The National Center for Children in Poverty says, “Nearly 15 million children in the United States – 21% of all children – live in families with incomes below the federal poverty level – $22,050 a year for a family of four. Research shows that, on average, families need an income of about twice that level to cover basic expenses. Using this standard, 42% of children live in low-income families.

“Most of these children have parents who work,” NCCP.org says, “but low wages and unstable employment leave their families struggling to make ends meet. Poverty can impede children’s ability to learn and contribute to social, emotional, and behavioral problems.”

However, poverty is not the only challenge to overcome. Being loved and belonging to a family was on the third step in Maslow’s Hierarchy of Needs blocking a child’s need to earn an education, which was on step four and five.

In fact, the Heritage Foundation reports, “How Broken Families Rob Children of Their Chances for Future Prosperity”. The growth in the number of children born into broken families in America—from 12  of every 100 born in 1950 to 58 of every 100 born in 1992, has become a seemingly unbreakable cycle that the federal government not only continues to ignore, but even promotes through some of its policies.
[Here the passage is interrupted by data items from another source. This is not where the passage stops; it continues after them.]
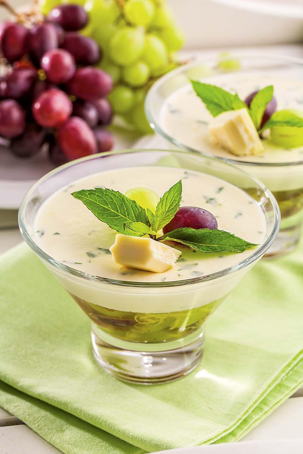 На 4 порции: • 1 ст. л. желатина • сок 1 лимона • 100 г винограда • 15 листочков мяты • 250 мл жирных сливок • 70 г тертого белого шоколада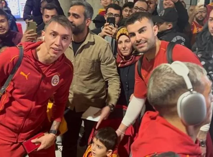 ÇİÇEKLERLE KARŞILANDILAR Taraftarlar tarafından büyük bir coşkuyla karşılanan sarı-kırmızılı futbolculara ve teknik direktör Okan Buruk’a çiçek verildi....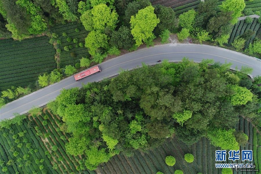 汽车在贵州省遵义市湄潭县金花村内的道路上行驶(4月12日无人机拍摄)。 新华社记者 欧东衢 摄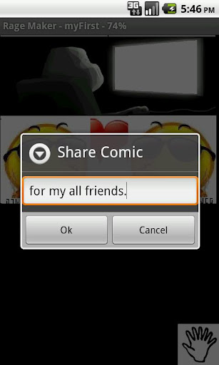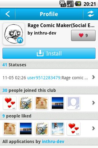 Rage Comic Maker(社交版)為Rage Comic Maker開源應用 + inthru插件。安裝Rage Comic Maker(社交版)後,在Rage Comic Maker的菜单里有“inthru”的按鈕,點擊inthru按鈕並註冊用戶後就可以開始體驗我們的社交功能了,在這裡,您可以跟其他玩家溝通,分享,可以向其他用戶發布新作。你還可以利用這個小工具製作自己的照片拼圖,然後發布自己的創意噢~

Statistics and studies show that children who grow up in a stable, two-parent family have the best prospects for achieving income security as adults,” and today only 47% of children live with both of their original parents.

Then there is child abuse, which sabotages a child ability to leave the second level of Maslow’s Hierarchy of Needs where it clearly says safety of health, body, morality and of the family must be satisfied before an individual’s needs change.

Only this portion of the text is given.